DNA was extracted from sputum using QIAamp DNA midi kit (Qiagen). Tumor somatic mutations were investigated by target-sequencing using a custom Ion Ampliseq™ Panel (ThermoFisher Scientific), containing hotspot regions of 14 genes frequently mutated in solid tumors (including EGFR). Multiplex amplification was performed with 10 ng of DNA using Multiplex PCR Master Mix (Qiagen) and high-throughput sequencing was performed using Ion Proton platform. Somatic mutations were considered if the variant allele was present in more than 0.5% of the reads, considering a minimum coverage depth of 20,000X. A medium coverage of 172,524X was obtained in the five samples.

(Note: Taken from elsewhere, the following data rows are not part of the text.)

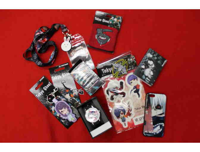 Living as a ghoul in the big city can't be easy, but some cool merch might ease the stress! This gift pack includes wristband, watch, playing cards, keychain, memo pad, lanyard , hardshell iPhone case, cell phone charm, stickers, and patch.
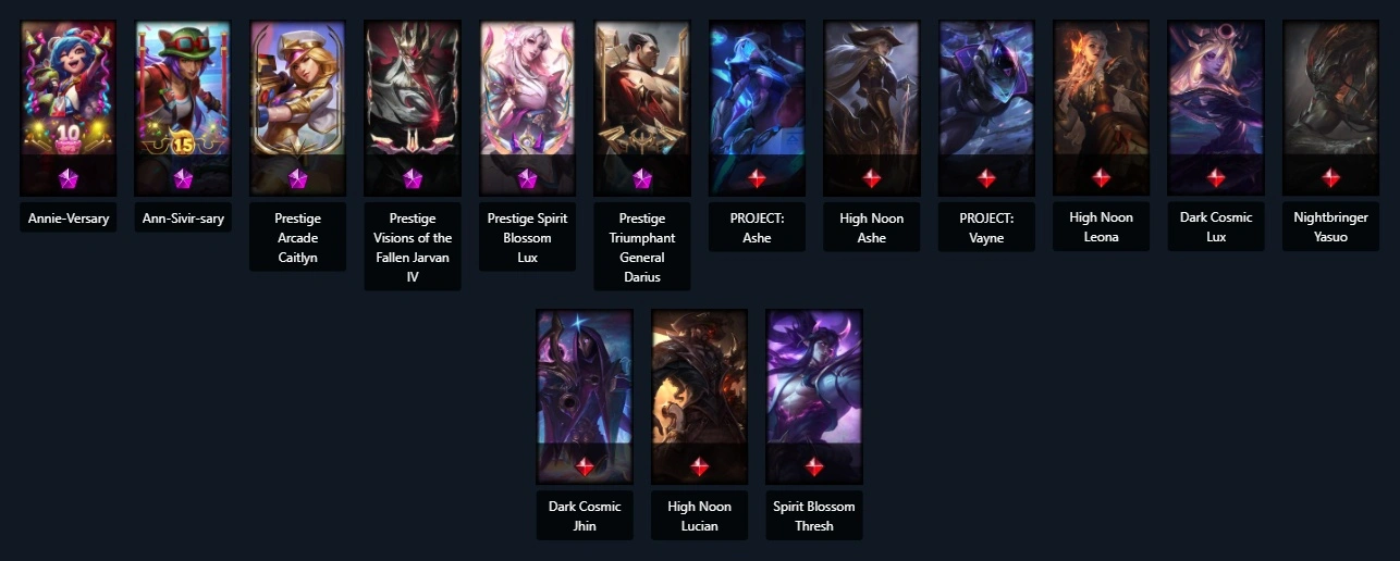 Silver 1┃119 skins┃171 Champs┃(6 Mythic) Prestige Spirit Blossom Lux Prestige Arcade Caitlyn Prestige Visions of the Fallen Jarvan IV Prestige Triumphant General Darius High Noon Leona PROJECT: Vayne Dark Cosmic Jhin
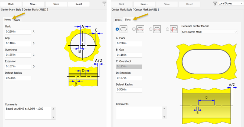 Before you begin a drawing, define a center mark style for hole or slot types.
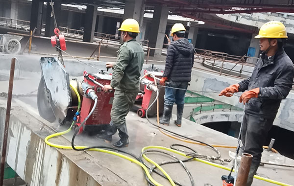 對原鋼筋混凝土結構,采用金剛石碟式鋸片切割,將原混凝土全部拆除,采用分段分塊作業,切除時控制切割的深度,不切入原結構。對原復雜混凝土結構,采用金剛石繩鋸切割和金剛石筒鋸鉆孔機排孔鉆切組合作業。
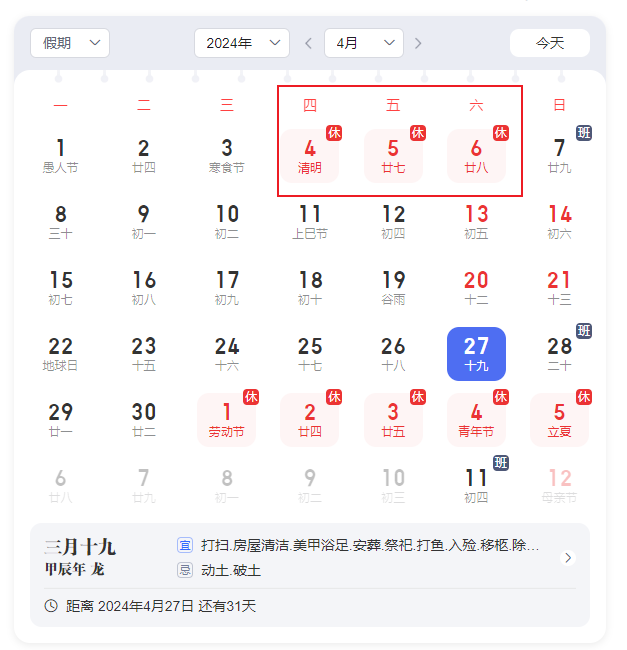 2024年04月04日(周四)放假休息,2024年04月07日(周日)開(kāi)始恢復(fù)上班。
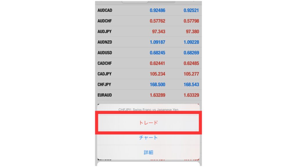 MT4/MT5アプリを起動し、取引したい銘柄をタップし、表示されたメニューから「トレード」を選択します。
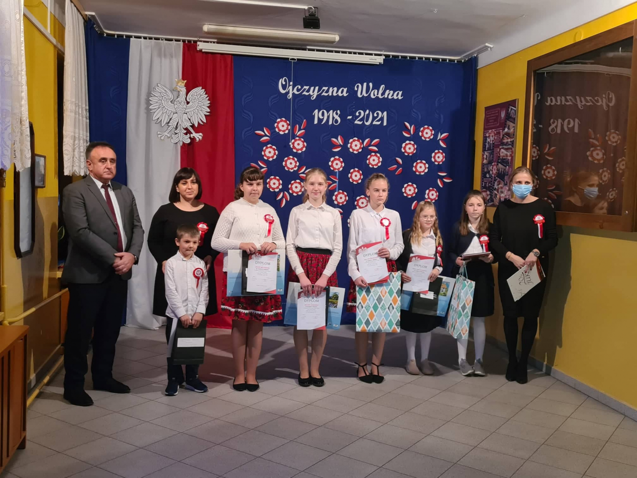 Podczas uroczystości podano też wyniki gminnego konkursu „Gdy myślę, Polska- Orzeł Biały- nasza duma”. Głównym sponsorem konkursu był Urząd Gminy Błędów.
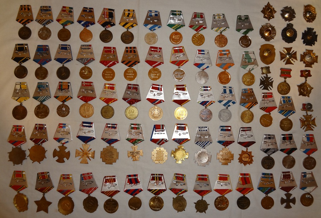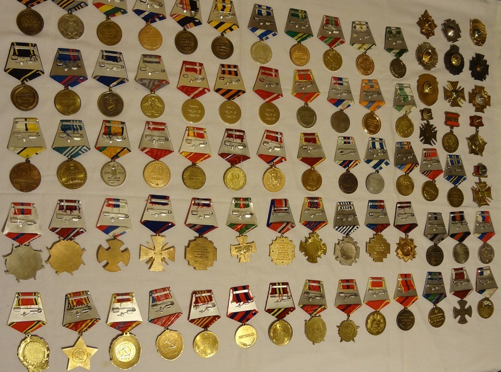 По РФ. Медали и знаки в количестве 76 штук. Все тяжелые, много с эмалями - все в отличном состоянии. Особо не разбирались, есть - Умалатова, Коммунисты, Ведомственные, Казаки, разные годовщины. Может кому надо - желательно все вместе,
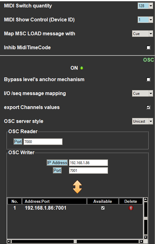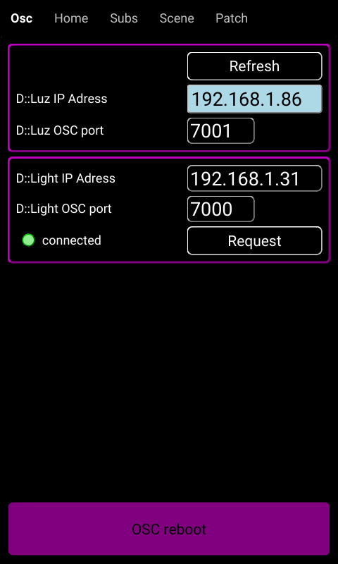 :Light Osc port : 7000connected allumé en vert
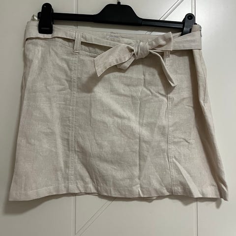 Säljer en stilren linnekostym från POUR i ljus beige färg – med både byxor och matchande shorts. Perfekt för både svalare och varmare dagar!
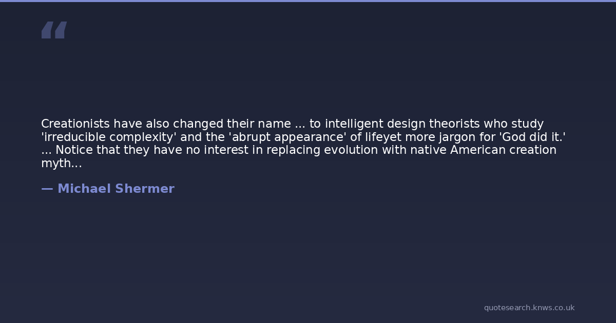 Creationists have also changed their name ... to intelligent design theorists who study 'irreducible complexity' and the 'abrupt appearance' of lifeyet more jargon for 'God did it.' ... Notice that they have no interest in replacing evolution with native American creation myths or including the Code of Hammurabi alongside the posting of the Ten Commandments in public schools.
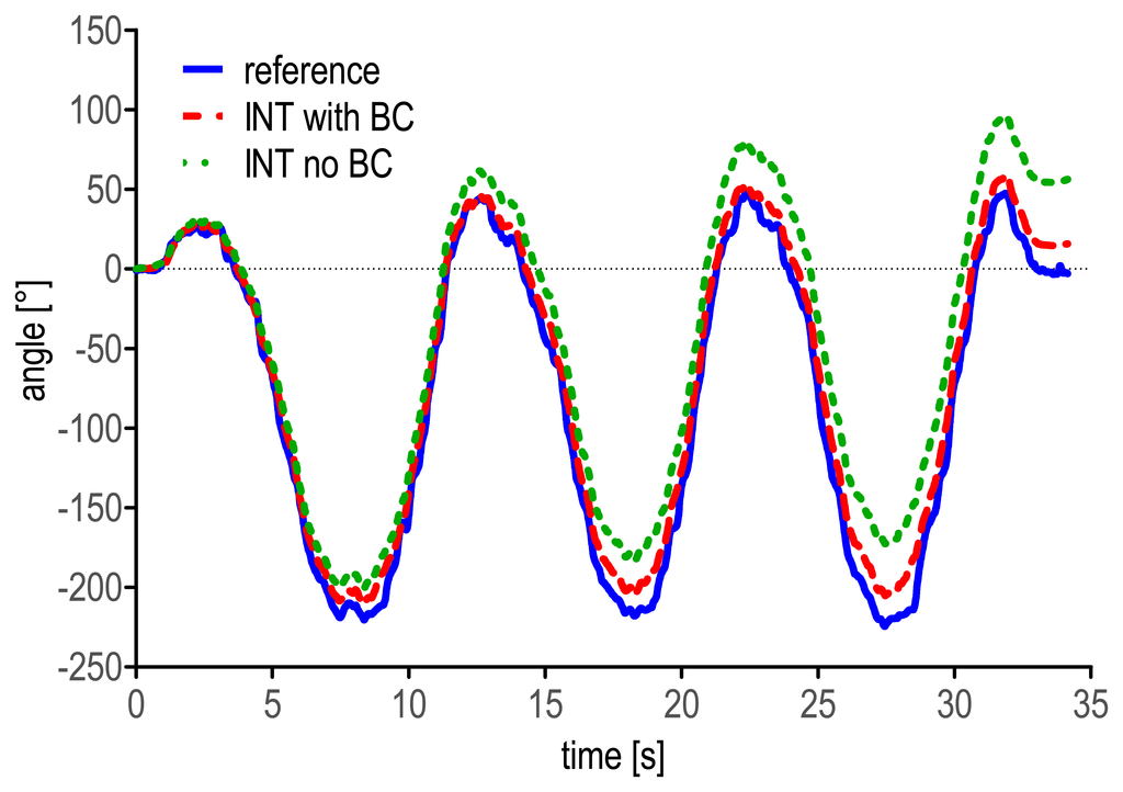 Correct the gyroscope static bias. Special attention should be paid to the correction of the initial bias of the gyroscopes. It is recommended first to switch on the MIMU at least 20 min before the beginning of the acquisitions to ensure that the device will have reached its working temperature when the experimental session starts, thus avoiding wide variations of the static bias due to heating effects [13]. Second, at least one static acquisition should be performed to compute the bias of the gyroscopes: if, after the MIMU positioning on the participants, a static phase can be identified in which the unit is reasonably still, such data can be employed for bias correction; otherwise the MIMU can be placed on a stable surface (e.g., on a table). The optimal duration of the static phase may depend on the electronics of the employed devices and, clearly, on the sampling frequency. However, to the authors' experience, five seconds at a sample rate of 100 samples/s can be considered as a sufficient duration. As an example of the influence of the bias correction procedure on the outcome accuracy, Figure 6 displays the heading angle of the MIMU on the lower trunk with and without the static bias correction, during three complete “figures of eight” of one selected trial of the locomotion task.
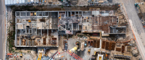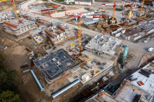 Photo de droite : un bâtiment s'élève seul dans l'opération OPAL (îlot B). Il s'agit du local pour le transformateur électrique qui alimentera notamment les îlots B et C.
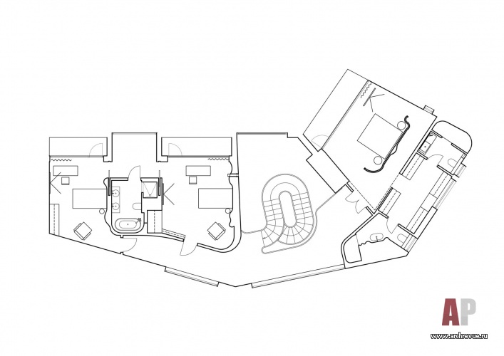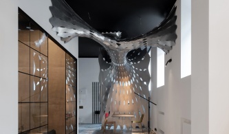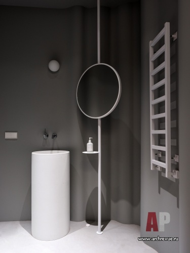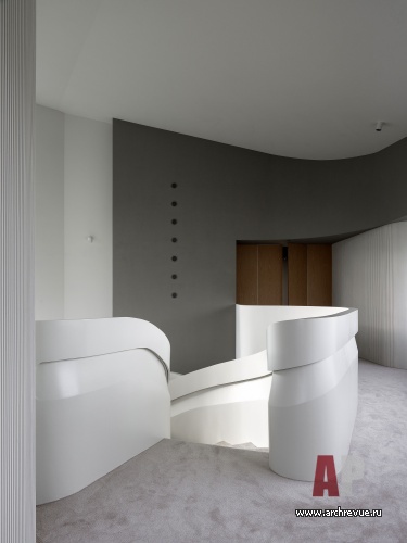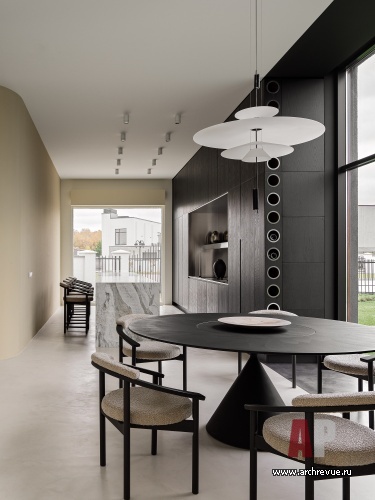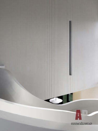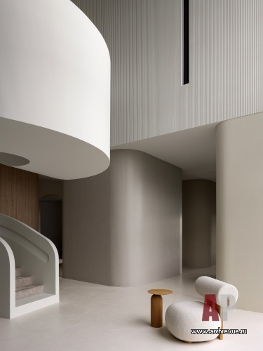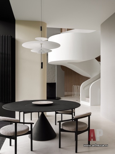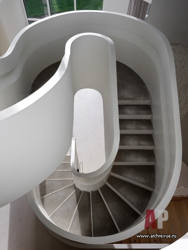 «Угловатый и несуразный исходник мы постарались кардинально переосмыслить и максимально уйти от ассоциаций с окружением. Угловатость заменили плавностью, незавершенность – законченностью, пренебрежение к деталям – педантичностью. А очевидно избыточный и абсолютно нефункциональный второй свет решили использовать с размахом, заняв его центр плавной, извивающейся монолитной лестницей», - рассказывает архитектор Сергей Колчин. Эта лестница в пустоте и стала визиткой проекта.
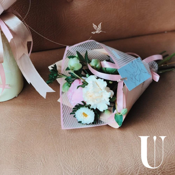 4 Пиона, 4 гвоздики, хелеборус, маттиола, амми, эвкалипт, упаковка - корейская пленка
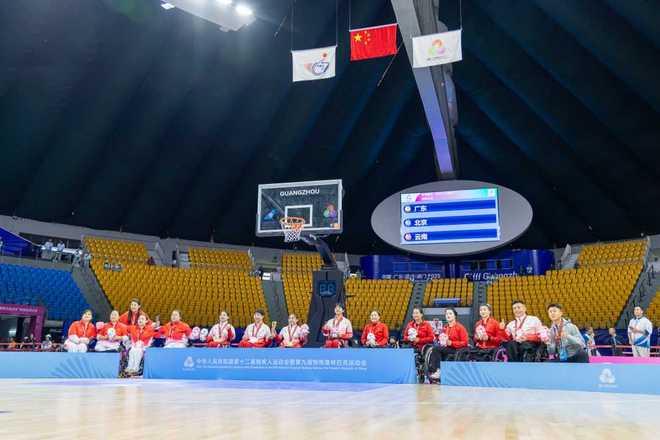 12月8日,全国第十二届残疾人运动会轮椅篮球项目三人制比赛在广州体育馆收官,这是该项目第一次出现在全国残特奥会的赛场上。
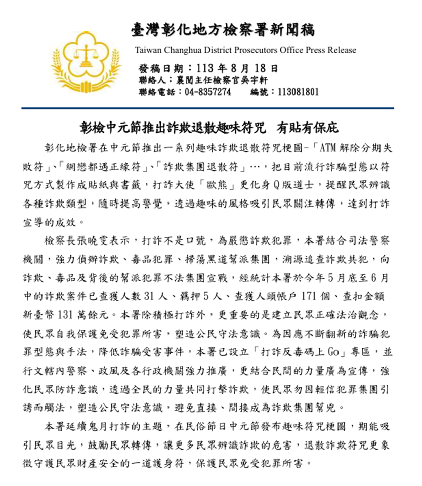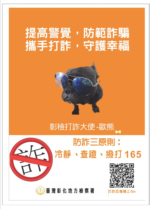 最新公告 彰化地方檢察署113年「反詐騙宣導」! 歷史訊息 | 發布日期: 2024/08/19~2024/09/19 | 瀏覽人數: 75人 | 聯絡資訊: 政風室 04-8520149 為利於民眾獲取相關反詐騙之資訊,彰化地方檢察署全球資訊網設置「打詐反毒碼上 GO」專區,民眾透過掃碼方式即能快速進入獲取相關訊息,內容包含法規、宣導影音、Podcast、宣導成果及相關連結,利於聽讀,也期許民眾也將反詐訊息分享身邊親友,提醒大家對詐騙之警覺,一起成為行動種子。
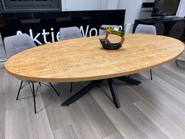 • Een ovale tafel uit dit programma staat opgesteld in onze showruimte
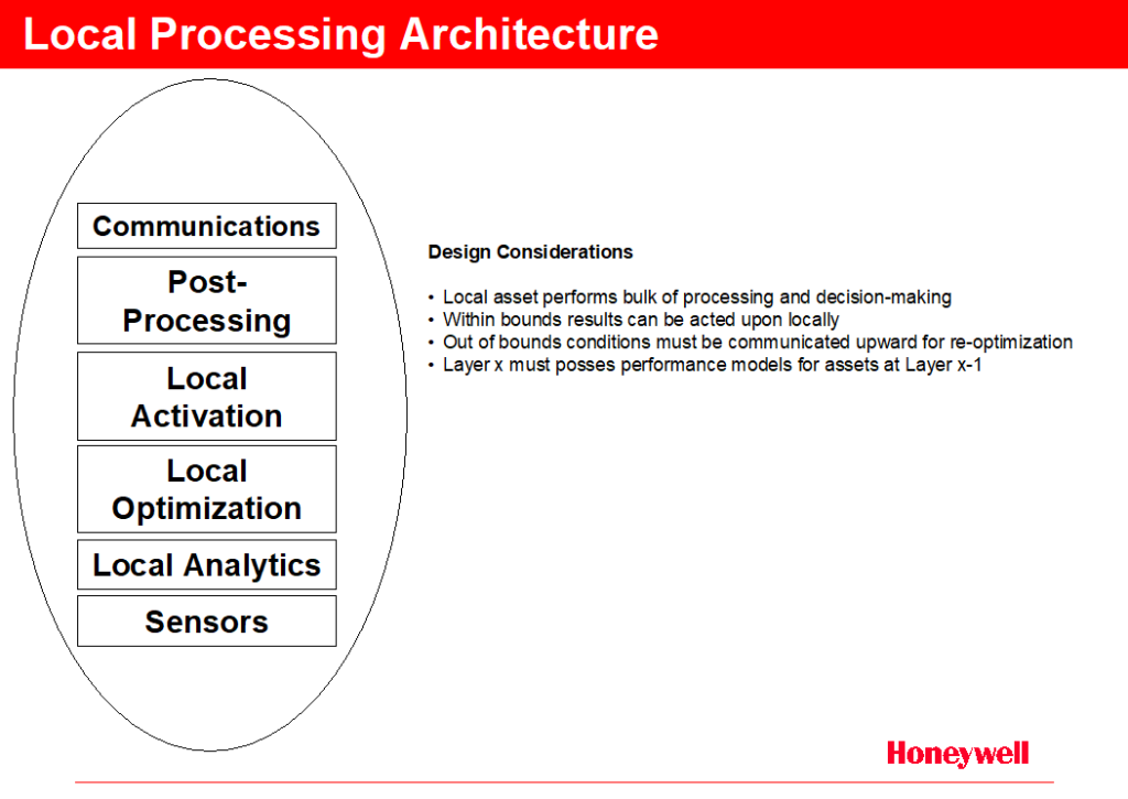 Also, the Honeywell HTSL efforts around SHARP (Real-Time Operating System) could be an excellent platform for such distributed processing requirements. A Linux-based kernel would be standards-based, “lightweight,” highly open and configurable. A robust real-time kernel with specialty “Smart” software modules for specific processing responsibilities (see the processing architecture below) could be easily built on a per component or system basis. This would further optimize the processing requirements on the given platform.
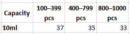 100pcs, 200pcs, 300pcs, 400pcs, 500pcs, 600pcs, 700pcs, 800pcs, 900pcs, 1000pcs |
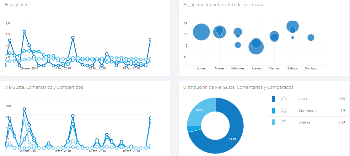 Lo mejor de la herramienta es que tarda segundos en mostrarnos todos los datos en un informe muy visual, que podremos utilizar para presentar a nuestros clientes y nos facilita métricas sobre engagement.
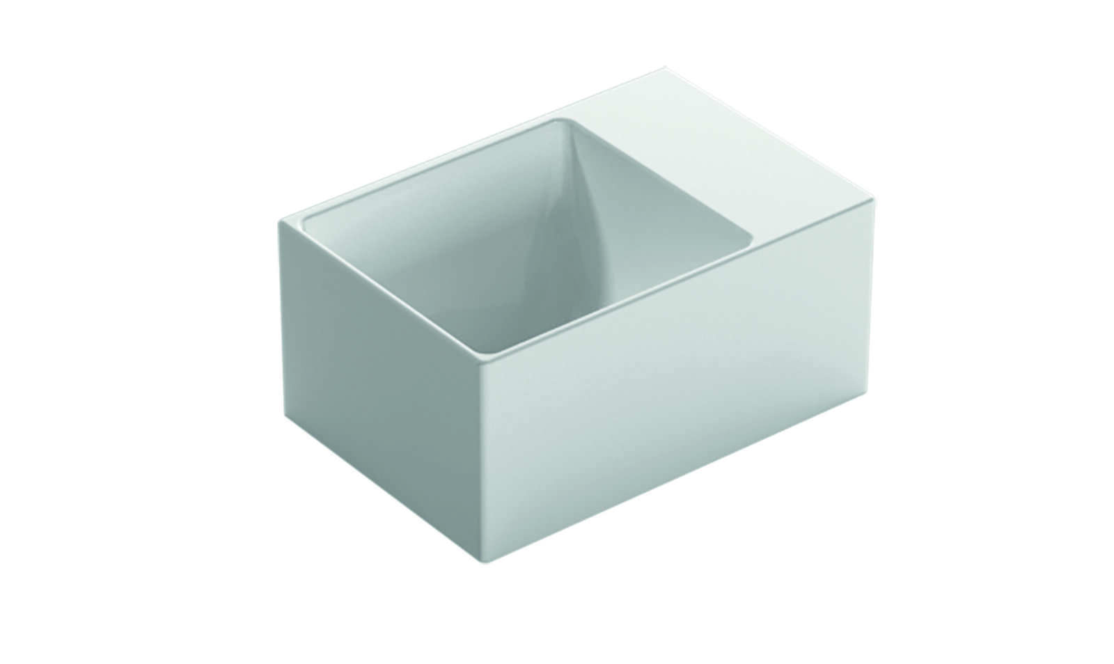 Deze compacte fontein van 30x20x14cm combineert functionaliteit met strak design. Dankzij het slimme formaat en de mogelijkheid tot zowel opzet- als muurmontage is hij ideaal voor toiletruimtes. Het kraangat en de overloop ontbreken bewust voor een minimalistische uitstraling.
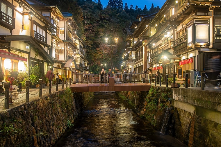【銀山溫泉街】因銀礦產地而得名的銀山溫泉,已有400年的歷史。沿著銀山川溪谷而建,河岸兩旁保留完整大正至昭和時期的木造老式旅館、石坂道、小橋、瓦斯燈,搭配潺潺水流,氣氛寧靜,宛如世外桃源。銀山溫泉因為拍攝著名電視劇「阿信」而風糜一時,劇中是阿信母親打工的地方,阿信因為想念母親也時常來到這裡。也由於受惠「阿信」而爆紅,因此被封為是「阿信的故鄉」。巧合的是,劇中阿信母親打工的溫泉旅館「能登屋」,傳說也是宮崎駿《神隱少女》動畫中繪製的油屋所參考的藍圖。讓我們就跟著阿信的腳步,一起進入宮崎駿的童話世界。

We detected mutations in 3 out of 5 sputum samples of patients with previously known driver mutations (two exon 19 deletions and one exon 18 G719A in EGFR). The highest frequency was detected in the only patient with spontaneous sputum collection (23%).The other two mutations were detected in low frequencies (0.5 and 0.6%) in samples derived from sputum induction. We found T790M in one patient positive for T790M in ctDNA isolated from plasma.
These preliminary findings indicate that driver mutations can be identified in sputum routinely obtained from sputum samples. Thus, the ability to examine sputum might provide a convenient source of sampling and may be adapted for future large-scale screening.